## [Task requirements]
Transcribe the listing below verbatim, omitting pictures.

## [Data excerpt]
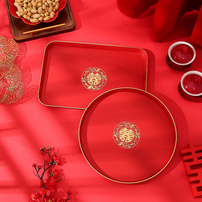 結婚果物皿喜糖盤客間赤おめでたい乾杯トレー結婚式用の喜皿ウェディング用品大全
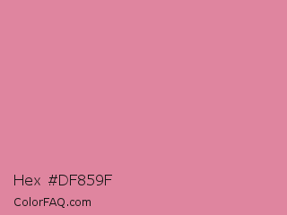 Hex #df859f Color is a light rose color and the nearest color is Shimmering Blush #d98695. Hex code #df859f and RGB value is rgb(223,133,159). In RGB color space, this color is composed of 87% red, 52% green, 62% blue, In CMYK color space, this color is composed of 0% cyan, 40% magenta, 29% yellow , 13% black , In HSL color space, this color has a hue angle of 343° , 58% saturation and 70% lightness.
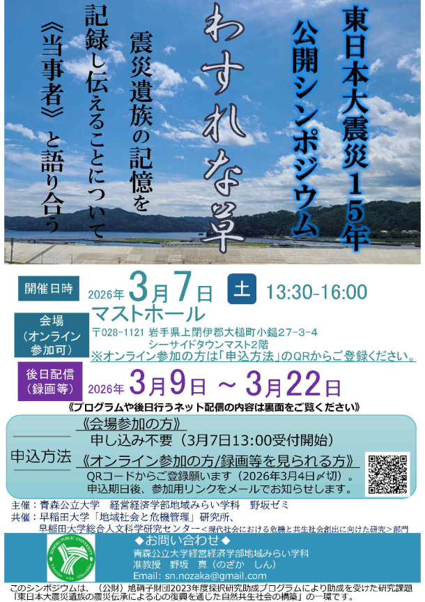 - 主 催:青森公立大学 経営経済学部地域みらい学科 野坂ゼミ

## [Exercise answer]
 結婚果物皿喜糖盤客間赤おめでたい乾杯トレー結婚式用の喜皿ウェディング用品大全
 Hex #df859f Color is a light rose color and the nearest color is Shimmering Blush #d98695. Hex code #df859f and RGB value is rgb(223,133,159). In RGB color space, this color is composed of 87% red, 52% green, 62% blue, In CMYK color space, this color is composed of 0% cyan, 40% magenta, 29% yellow , 13% black , In HSL color space, this color has a hue angle of 343° , 58% saturation and 70% lightness.
 - 主 催:青森公立大学 経営経済学部地域みらい学科 野坂ゼミ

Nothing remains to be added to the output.